This is an example for an application, but you can see that there’s the artist ID is available, the price, a URL where you can download it, the supported devices, description.

There’s a lot of information there, and it’s pretty rich.

So, how do we actually construct a Search URL to get this data?

The simplest possible way to do that is to just use the query parameter called “term,” but there’s a lot of modifiers available, so that you can dig pretty deep into the Store to find what you’re looking for.

First and easiest is “country.”

The country specifies which country you’re interested in, and if an item is not available in that country, then you won’t get the result.

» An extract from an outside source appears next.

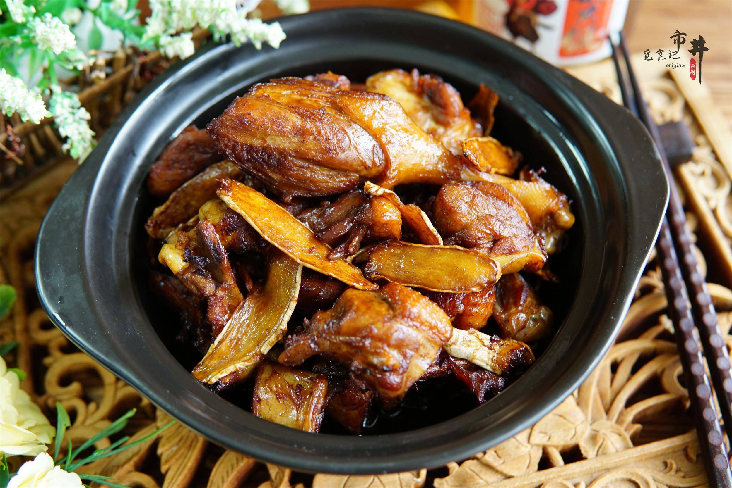 5、盖上砂锅盖子,慢煲四十分钟,每五分钟给鸭肉翻个面,煲至汤汁快烧干,只余一些底油即可出锅。

You can also specify the “language.”

So, if we have a localization or a localized title in that language, you can specify that.

“Media” is an interesting thing where you can say it’s a broad term, but you can specify that you’re interested in music content, as opposed to application content, or maybe it’s TV content.

All that can be handled with media.

If you want to get more specific, though, you can specify the “entity.”

The entity distinguishes, say, between an album and a song, or a TV episode and a TV season.

You can also specify the “attributes,” so this is the aspect of the entity that you’re searching on.

We’ll get to that in a minute with an example.

As in RSS, we also provide a “limit,” so you can specify how many results you want back.

And also, like RSS, we have a “callback,” so that allows you to use this from JavaScript on a remote website.

And the results come back as JSON dictionaries, and in the search case, they’re sorted by relevancy.

So, the top item is supposed to be the most relevant to your search.

So, let’s take a simple example.

We’re searching for Madonna.

Well, that URL is pretty simple.

You say, term=madonna, and you’re good to go, but say we’re actually interested in Madonna’s books.

She’s also an author.

So, we specify that the media we’re interested in is audiobook, and we want five results back, so we add limit=5.

Now maybe we rollback a little bit and say, “No, let’s get the music albums instead.”

For that, it’s media=music, and the entity=album.

A little more advanced, we might want songs named Madonna, not songs by Madonna.

In that case, we can use attribute=songTerm.

So, that means that the search will be applied to the song name, rather than the artist associated with the song.

So, this can be very powerful when you want to get very particular about the searches you’re doing.

So, that’s Search, in a nutshell, but if we already have the IDs that we’re looking for, and we just want to query some things about it, Lookup comes into play, and Lookup takes an iTunes ID in an “id” param.

And if you want to specify multiple IDs in a single request, you can do that with just a comma separator.

You can also use different IDs.

So, if you have the UPC for an item, you can use that, and if you have All Music Guide IDs, we also offer that mapping.

So, Lookup query parameters, mostly the same as Search: country, language, limit, callback.

All these are familiar.

“Entity” is the same, but we use it differently, and I’ll get to that in just a moment.

We also allow you to “sort.”

So, what is this for?

So, we might do a simple lookup for Madonna.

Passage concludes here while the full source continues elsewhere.